SUPPLIED DATA:
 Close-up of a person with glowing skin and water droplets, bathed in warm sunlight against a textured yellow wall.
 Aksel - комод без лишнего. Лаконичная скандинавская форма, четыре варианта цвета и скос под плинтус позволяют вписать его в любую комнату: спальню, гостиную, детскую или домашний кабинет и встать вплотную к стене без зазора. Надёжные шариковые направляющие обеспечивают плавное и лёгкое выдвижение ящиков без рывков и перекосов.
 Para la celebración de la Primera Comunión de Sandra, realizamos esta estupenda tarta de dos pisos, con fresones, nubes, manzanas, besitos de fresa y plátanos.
--
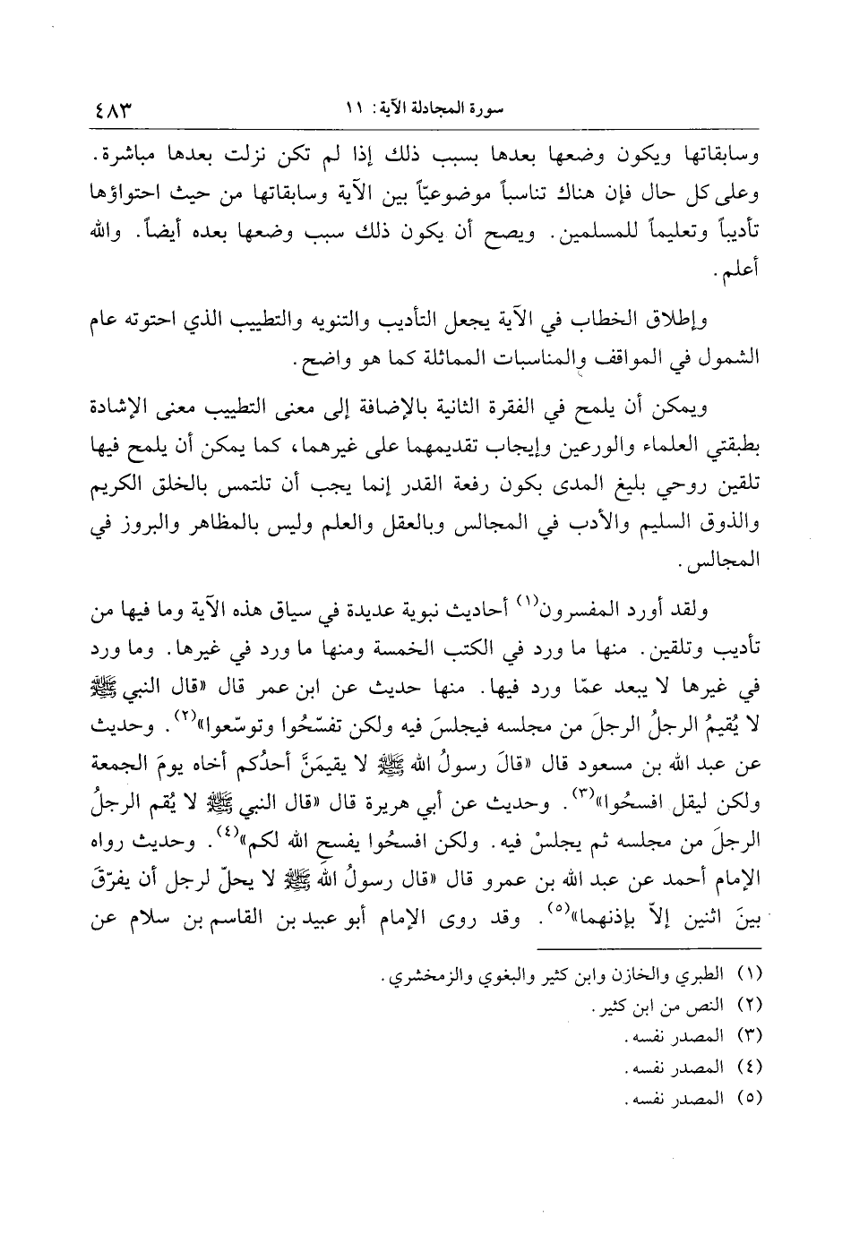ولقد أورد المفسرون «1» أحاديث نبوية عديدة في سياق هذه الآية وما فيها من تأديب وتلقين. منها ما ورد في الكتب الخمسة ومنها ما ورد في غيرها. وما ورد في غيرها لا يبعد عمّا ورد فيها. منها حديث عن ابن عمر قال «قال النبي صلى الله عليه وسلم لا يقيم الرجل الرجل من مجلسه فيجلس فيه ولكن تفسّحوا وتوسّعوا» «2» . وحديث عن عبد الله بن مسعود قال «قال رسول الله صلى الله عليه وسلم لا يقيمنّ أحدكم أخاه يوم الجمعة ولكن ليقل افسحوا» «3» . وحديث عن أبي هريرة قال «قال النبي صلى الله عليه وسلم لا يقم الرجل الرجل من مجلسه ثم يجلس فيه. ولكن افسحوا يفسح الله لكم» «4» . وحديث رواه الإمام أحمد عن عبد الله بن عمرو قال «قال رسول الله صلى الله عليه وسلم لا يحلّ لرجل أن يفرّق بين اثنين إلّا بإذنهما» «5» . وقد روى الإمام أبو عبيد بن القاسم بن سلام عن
--
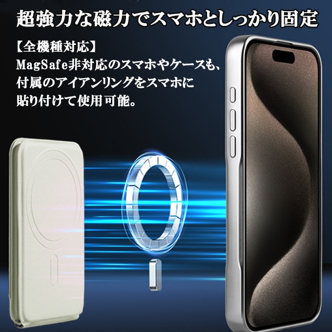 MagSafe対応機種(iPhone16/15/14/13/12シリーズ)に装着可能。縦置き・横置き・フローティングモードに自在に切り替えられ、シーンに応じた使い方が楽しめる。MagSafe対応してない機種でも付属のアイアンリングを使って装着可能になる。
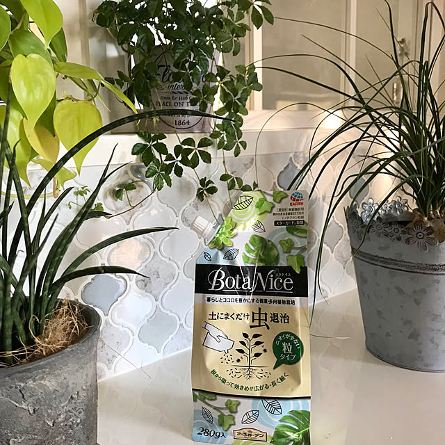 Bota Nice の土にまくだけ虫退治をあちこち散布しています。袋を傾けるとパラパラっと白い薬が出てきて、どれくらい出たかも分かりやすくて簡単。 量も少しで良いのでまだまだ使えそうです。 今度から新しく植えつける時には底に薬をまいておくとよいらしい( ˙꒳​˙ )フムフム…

EXERCISE GOAL: When you reach the line in the material above that holds "Close-up of a", begin reproducing lines exactly, and stop after the line that holds "Para la celebración".

ANSWER TO THIS TASK:
 Close-up of a person with glowing skin and water droplets, bathed in warm sunlight against a textured yellow wall.
 Aksel - комод без лишнего. Лаконичная скандинавская форма, четыре варианта цвета и скос под плинтус позволяют вписать его в любую комнату: спальню, гостиную, детскую или домашний кабинет и встать вплотную к стене без зазора. Надёжные шариковые направляющие обеспечивают плавное и лёгкое выдвижение ящиков без рывков и перекосов.
 Para la celebración de la Primera Comunión de Sandra, realizamos esta estupenda tarta de dos pisos, con fresones, nubes, manzanas, besitos de fresa y plátanos.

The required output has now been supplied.